Splash Dogs Global Pet Food Outlet Express Dock Jumping Competition

Global Pet Food Outlet Express 
401 S. Pacific Coast Highway 
Redondo, CA 90277

Sat Oct 27 
Registration opens - 9AM 
Open Practice Dock - 9AM 
Splash 1-10:00AM 
Splash 2-12:00PM 
Splash 3-2:00PM 
Splash 4-4:00PM 
Dock Closes - 6PM

Sun Oct 28 
Registration opens - 9AM 
Open Practice Dock - 9AM 
Splash 5-10:00AM 
Splash 6-12:00PM
Finals Start at: 3:00:00 PM 
Dock Closes - 6PM

There will be practice between Splashs as time permits.

Please check in at least 1 hour before your Splash and at least 1 hour prior to the first Finals on Sunday for the finals.

Be ready for your Splash. You will be scratched from the heat if you are not available.

Here's a link for more information and Registration form.
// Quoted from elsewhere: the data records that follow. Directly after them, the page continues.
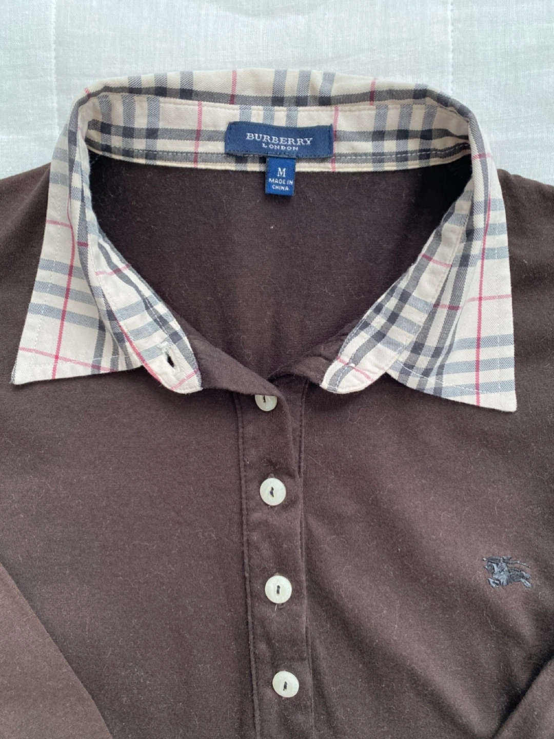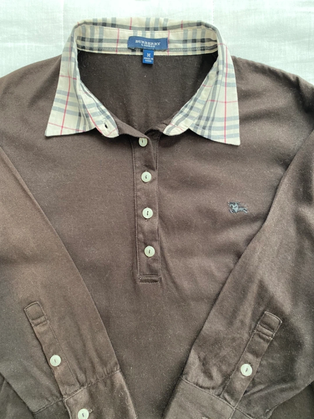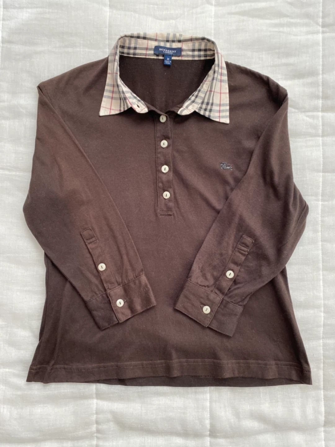 バーバリーロンドンの長袖ポロシャツです。 ・ブランド:バーバリーロンドン ・サイズ:M ・カラー:ブラウン ・素材:100%コットン ・襟:チェック柄 ・状態:襟元に若干の使用感有りですが汚れキズなどは無しです。ボタンにもバーバリーの英字表記が入っています。色むらが有るように見えますが、実際にはブラウンのお色のままです。 Mサイズ表記ですが、やや小さめのMととらえて下さい。 受渡しは三軒茶屋から桜新町辺り迄可能です。 宜しくお願い致します。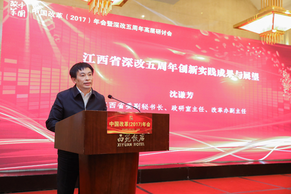 江西省委副秘書長、政研室主任、改革辦副主任沈謙芳指出,過去的五年,特別是近兩年來,江西省認真落實習(xí)近平總書記的重要指示要求,把全面深化改革作為重大的政治任務(wù)采取了一系列硬措施,推動各項改革、落實見效。江西省委省委改革辦自覺對標中央精神確保中央重大改革部署落實見效;聚焦重點領(lǐng)域關(guān)鍵環(huán)節(jié)取得一批有影響實踐成果;建立健全改革落實機制取得了一批有價值的制度成果。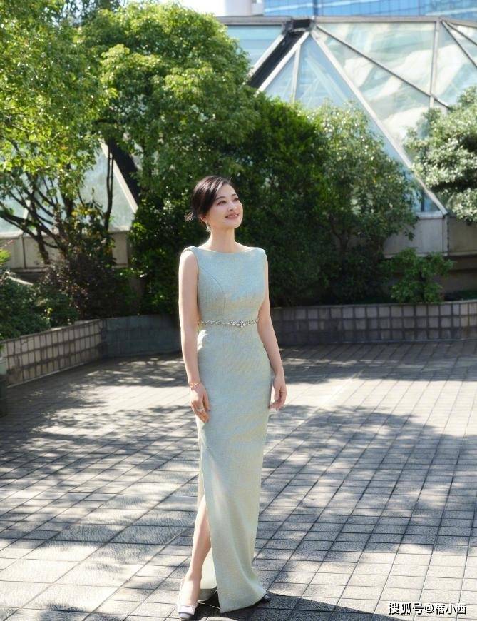 这一身薄荷绿连衣裙也很温柔,裙身不是晃眼的亮绿,也不是老气的深绿,而是饱和度低且亮度适中的薄荷绿,衬得肤色白皙,气色很好,直接减龄十岁。

Splash Dogs - Global Pet Food Outlet Express 2012 Registration


----------



## Odin`s_BlueDragon (Mar 11, 2012)

All the fun stuff happens down south. Lol. But what caught my attention is the fact that my grandparents live right there. They r in torrance but their back wall is the city line for redondo. Such a lovely area and good weather.

Are u taking Earl?


----------



## Elvisfink (Oct 13, 2008)

Odin's_BlueDragon said:


> All the fun stuff happens down south. Lol. But what caught my attention is the fact that my grandparents live right there. They r in torrance but their back wall is the city line for redondo. Such a lovely area and good weather.
> 
> Are u taking Earl?


No, Earl hates the water. He even hates walking on wet grass.


----------



## Odin`s_BlueDragon (Mar 11, 2012)

Elvisfink said:


> No, Earl hates the water. He even hates walking on wet grass.


LMAO! Imagine that, big ol tough guy scared of gettin wet lol


----------